STORED DATA:

-----

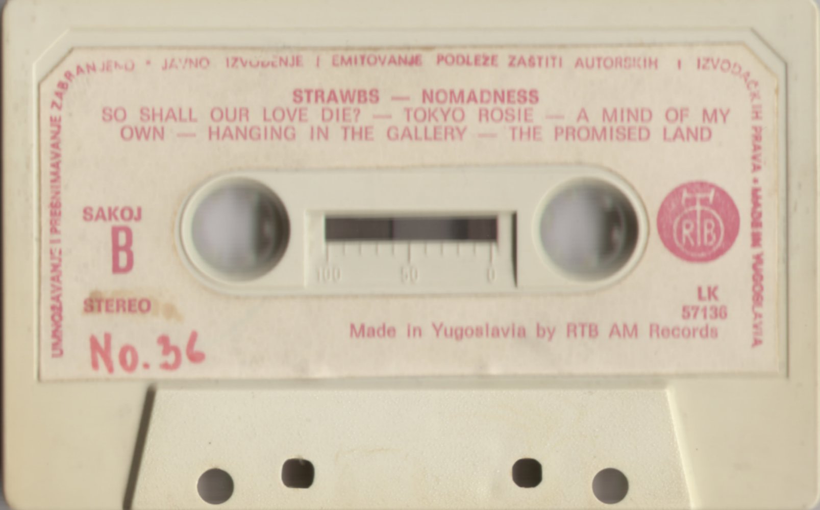 cassette: LK 57136 (RTB, 1975?). This Yugoslavian cassette release follows the track litsing of the UK LP. The copy I have has been lovingly pre-owned by "Leon", who has signed and typed on the inner spine "Leon - September 1977", and typed the number "35" on the outer spine and front. He has also written "36" and "Leon" on the cassette itself, and in careful black felt tip on the top edge of the cassette "HANDLE CAREFULLY". I will.
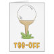 Een golfbal zit te wachten om te worden geraakt met een putter. "T-shirt-uit" in gele tekst hieronder.
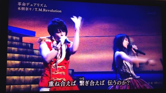 Nana Mizuki and T.M. Revolution also performed a combined version of the two Valvrave the Liberator opening themes, "Preserved Rose" and "Kakumeiki Dualism" (Revolutionary Dualism). Both singers wore outfits that changed from red to white during the performance.
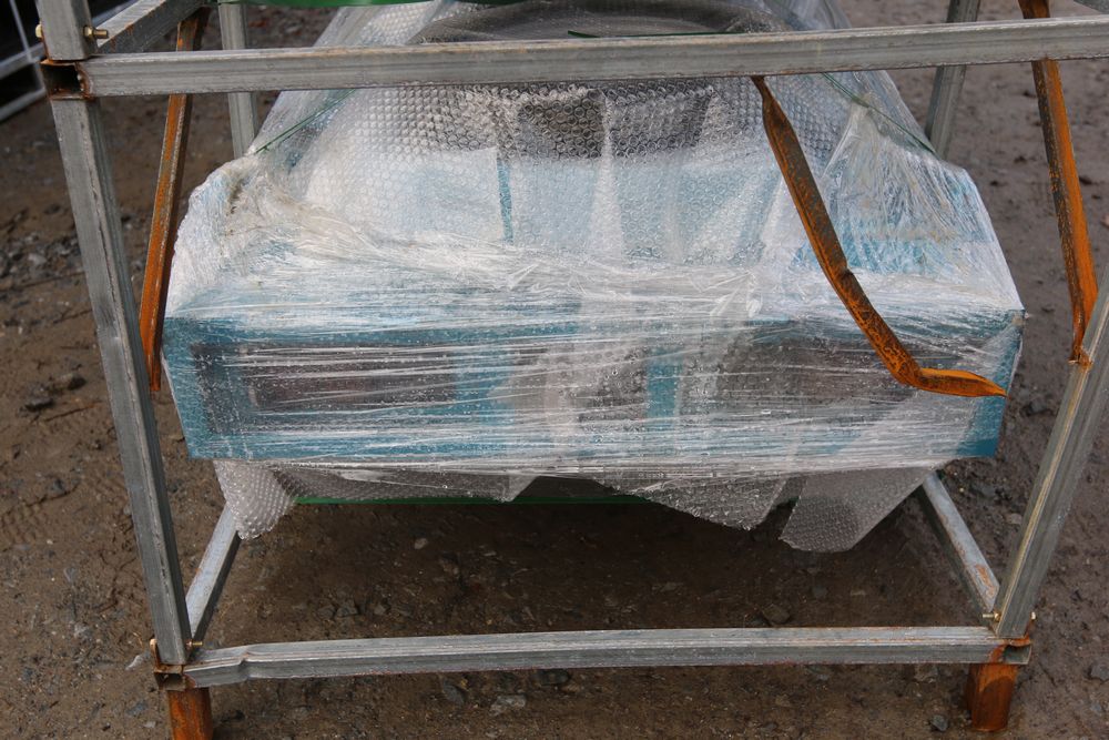New 2025 electric three wheeled golf cart with dump body model IRET13 with 800W motor, LCD display, and comfortable luxury double seat. Comes disassembled. Appearing to have all parts included.

-----

ASSIGNED TASK: Whenever a picture appears in the listing, leave it out; copy everything else exactly.

RESULT:
 cassette: LK 57136 (RTB, 1975?). This Yugoslavian cassette release follows the track litsing of the UK LP. The copy I have has been lovingly pre-owned by "Leon", who has signed and typed on the inner spine "Leon - September 1977", and typed the number "35" on the outer spine and front. He has also written "36" and "Leon" on the cassette itself, and in careful black felt tip on the top edge of the cassette "HANDLE CAREFULLY". I will.
 Een golfbal zit te wachten om te worden geraakt met een putter. "T-shirt-uit" in gele tekst hieronder.
 Nana Mizuki and T.M. Revolution also performed a combined version of the two Valvrave the Liberator opening themes, "Preserved Rose" and "Kakumeiki Dualism" (Revolutionary Dualism). Both singers wore outfits that changed from red to white during the performance.
New 2025 electric three wheeled golf cart with dump body model IRET13 with 800W motor, LCD display, and comfortable luxury double seat. Comes disassembled. Appearing to have all parts included.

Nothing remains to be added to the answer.